Já tendo um pouco de
economia feita com o serviço fotográfico, montei uma sociedade comercial com a
minha irmã, o que foi quase totalmente destruído por um incêndio depois de pouco
mais de dois anos de atividade. Decidi vir para Belo Horizonte. Como
não me parecia tão promissor trabalhar com fotografia por aqui, resolvi ser
empregado em outra atividade. Comprei uma pequena máquina datilográfica, treinei e consegui o
primeiro emprego. Depois de uns três meses trabalhando como datilógrafo em
um escritório de uma construtora, fiquei sabendo de um concurso público do
Tribunal de Contas, cujas provas eram só Português e datilografia, vi nisso uma
boa chance. Mesmo com apenas o primeiro grau e concorrendo com milhares de
pessoas de nível superior, me classifiquei bem na prova de Português e a de
datilografia foi uma brincadeira. Nesse período de Tribunal de Contas, já
pude pela primeira vez pagar um ensino privado em um cursinho dos mais baratos e
fazer o segundo grau também por supletivo.
Após três anos no
Tribunal de Contas, mediante outro concurso, passei para o Tribunal de Alçada. A
essa altura, já tinha passado em outro concurso, na Justiça do Trabalho, mas
preferi o Tribunal de Alçada, onde a remuneração estava muito melhor. As
coisas deram uma grande reviravolta, quando, enquanto Newton Cardoso arrasou com a
remuneração dos servidores públicos, Sarney determinou a reposição de grande
parte das perdas ocorridas nos tempos da ditadura, e a minha esposa, que
trabalhava na Justiça do Trabalho, passou a ganhar mais de três vezes o que eu
ganhava no Tribunal de Alçada. Eu precisei fazer outro concurso e fui para
a Justiça do Trabalho.
Trabalhando na Justiça,
fiz o curso de Direito pela UFMG, o que me possibilitou assumir o cargo de
oficial de justiça, para o qual havia feito concurso já próximo do fim do curso
de Direito. Assim, pude pagar escolas privadas para a minha filha,
do maternal ao curso superior.
Agora pensemos numa
história hipotética, essa da privatização da educação. Imaginemos que isso
tivesse sido feito desde os dias da ditadura.
Como meus pais não
tinham condições de pagar mensalidades escolares, eu poderia ter continuado
vivendo na agricultura, plantando e colhendo ano a ano, sendo hoje mais um
analfabeto, sem renda para pagar os altos tributos que vim a pagar ao me tornar
um funcionário público bem remunerado, e as escolas
privadas teriam deixado de ganhar uma boa soma de dinheiro que receberam com a
educação da minha filha.
Agora multipliquemos isso por milhões.
Pensando em milhões de pessoas no meu lugar, podemos ver que, sem as precárias
escolas públicas, as próprias escolas privadas de hoje estariam sem mercado, sem
demanda de
serviço; milhões de pessoas que hoje são bons contribuintes poderiam estar na
miséria, em um país muito mais pobre. Usando bem o raciocínio lógico,
podemos imaginar a tragédia que será se conseguirem privatizar toda a educação.

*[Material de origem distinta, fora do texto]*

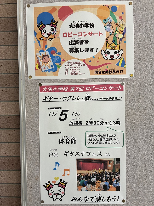 第7回大池小学校ロビーコンサートを開催します!【 出演者:ギタスナフェスさん 日時:11月5日(水)放課後14時30分~15時 自由参加】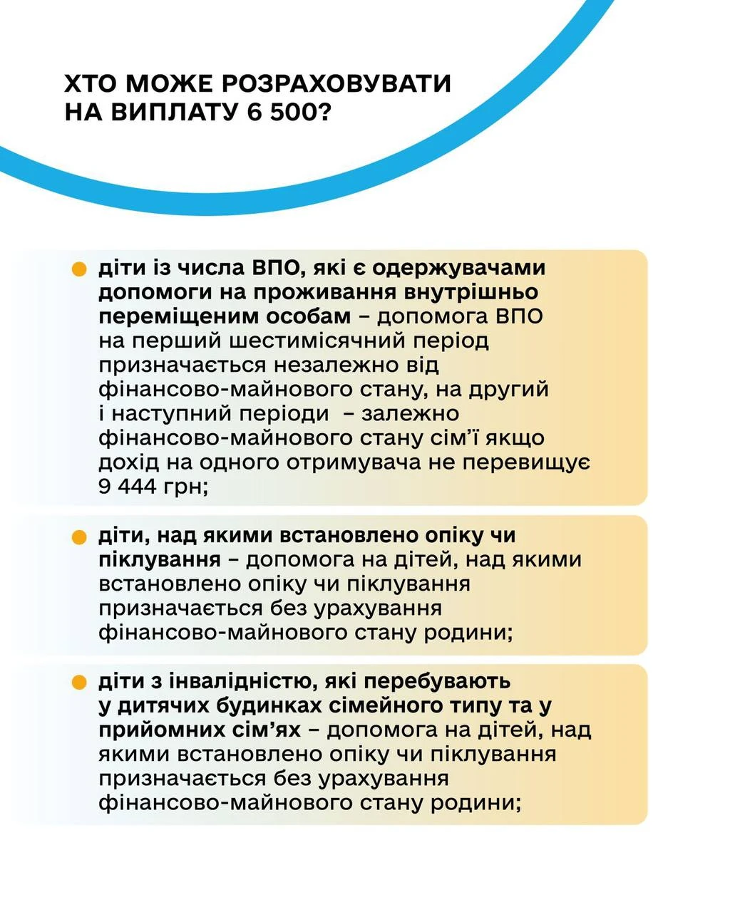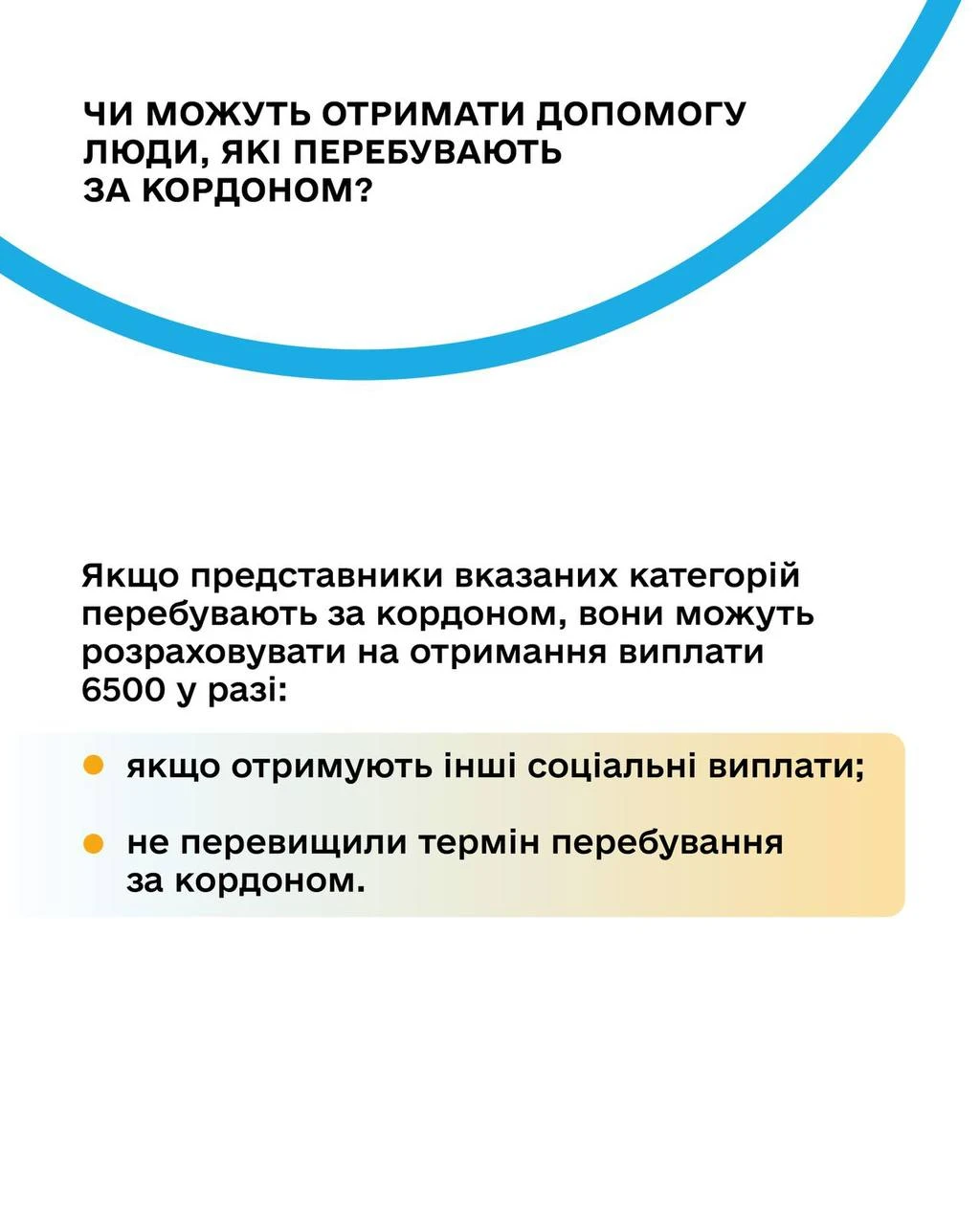 Якщо представники вказаних категорій перебувають за кордоном, вони можуть розраховувати на отримання виплати 6500 у разі:

Agora, imaginem quão devastador seria privatizar também a saúde!
Educação não é mercadoria! Pelo menos,
não deveria ser, como está se tornando hoje. Sem investir na educação, o país,
que já tem um baixo IDH, estará fadado a ter um povo miserável, e, um dia, os
ricos que aproveitarem agora a onda neoliberal já vão estar em dificuldade
também; pois um povo miserável não prestará para sustentar os seus lucros.